You can see from this GIF that $\hat y - \bar y$ is not orthogonal to $y - \hat y$. So, $SS_{tot} ≠ SS_{exp} + SS_{res}$, where $SS_{tot} = \|y - \bar y\|^2$, $SS_{exp} = \|\hat y - \bar y\|^2$ and $SS_{res} = \|y - \hat y\|^2$. It's obvious from the Pythagorean theorem. But why do we need that equality to be true? Look at how we calculate $R^2$. We don't actually calculate $SS_{exp}$ explicitly.

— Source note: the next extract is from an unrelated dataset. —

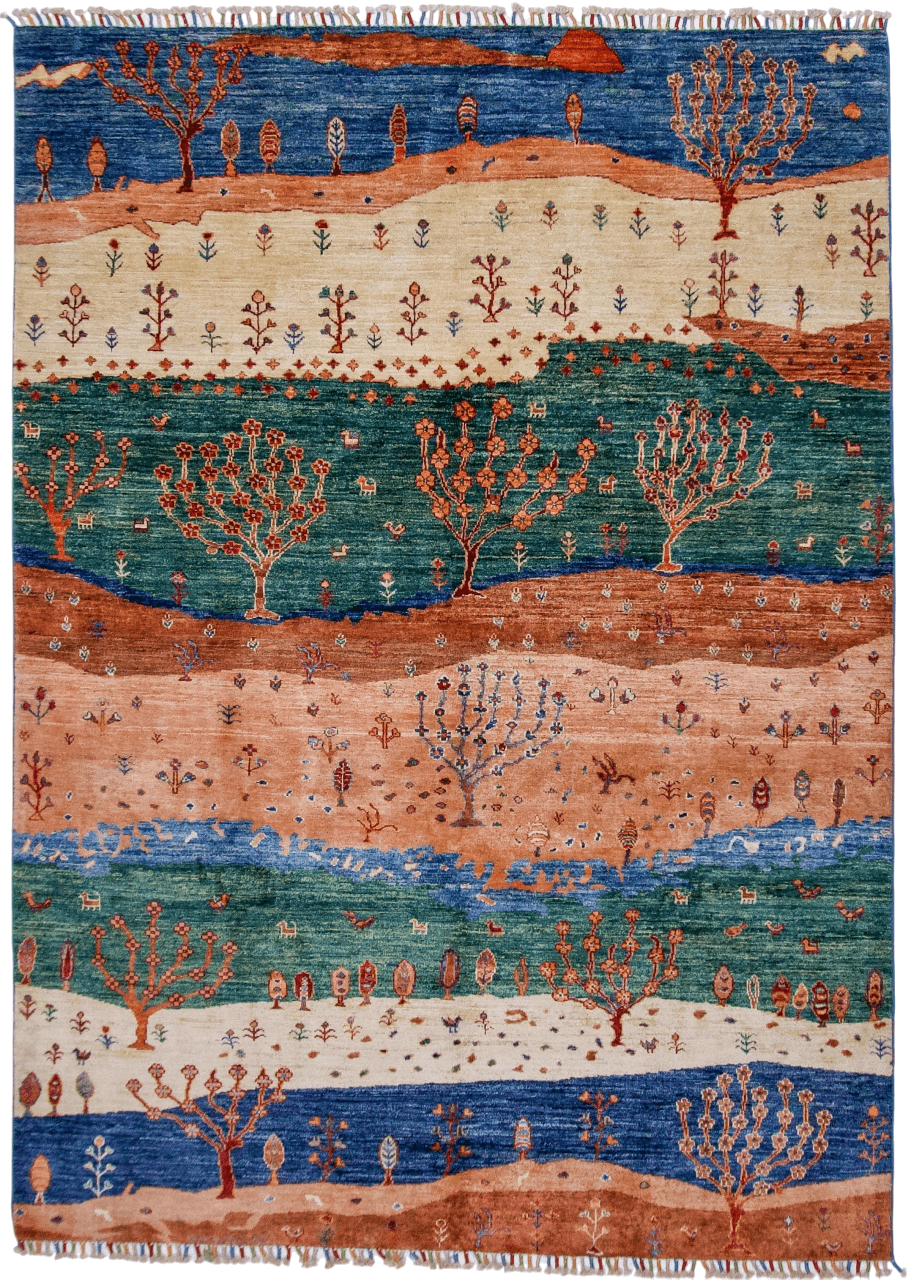 Scenic, landscape design Gabbeh with colorful, tasseled fringe ends

Instead we calculate it as a difference between $SS_{tot}$ and $SS_{res}$.

Let's look at what's happening when we calculate $R^2$ in the case of our non-linear model:

When you calculate $\|y - \bar y\|^2 - \|y - \hat y\|^2$ in the numerator according to the Pythagorean theorem it is equivalent to calculating the squared length of the vector $(\hat y) - \bar y$. It just means that if your model was linear, then your best fit solution would lie where the green point $(\hat y)$ is lying. $R^2$ is $\cos^2 \theta$. But now $\theta$ is no longer the angle between vectors $y - \bar y$ and $\hat y - \bar y$, but between vectors $y - \bar y$ and $(\hat y) - \bar y$.

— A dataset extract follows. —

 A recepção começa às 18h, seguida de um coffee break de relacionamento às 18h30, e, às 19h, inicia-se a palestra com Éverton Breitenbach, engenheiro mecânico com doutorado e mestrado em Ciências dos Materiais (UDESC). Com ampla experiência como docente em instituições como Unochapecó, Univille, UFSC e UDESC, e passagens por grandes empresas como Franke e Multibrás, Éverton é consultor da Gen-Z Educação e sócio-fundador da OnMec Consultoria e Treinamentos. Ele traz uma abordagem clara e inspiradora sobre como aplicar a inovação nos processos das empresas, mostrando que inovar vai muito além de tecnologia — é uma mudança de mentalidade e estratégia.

There are actually infinitely many points $\hat y$ such that $\|y - \bar y\|^2 - \|y - \hat y\|^2$ is equal to $\|(\hat y) - \bar y\|^2$. For every red point that's true:

From here we can't say that $\left((\hat y) - \bar y\right) + \left(y - \hat y\right) = \left(y - \bar y\right)$, but the variance of $y$ decreased exactly by $\|(\hat y) - \bar y\|^2$, because $\|y - \bar y\|^2 - \|(\hat y) - \bar y\|^2 = \|y - (\hat y)\| = \|y - \hat y\|^2$. And the closer the red point $\hat y$ is to $y$, the smaller is the value of $R^2 = \cos^2 \theta$.

This is as much meaningful as it is in case of OLS Linear Regression. So, if everything I said was right, then why can't we use $\mathbf{R^2}$ for non-linear models? If $R^2 = 0.86$ then your model's variance decreased by $86\text%$ (no matter linear or not).

Answer 1

We can use $R^2$ for nonlinear models. In a model comparison, higher $R^2$ means lower $MSE$, even if the models are nonlinear. However, because of the lack of orthogonality, $R^2$ loses its interpretation of proportion of variance explained, so its use as an absolute measure of model performance (“Sure, model A beats model B, but is model A any good?”) is limited.

(For $MSE$, I assume that we divide by $n$ or $n-1$, not $n-p$.)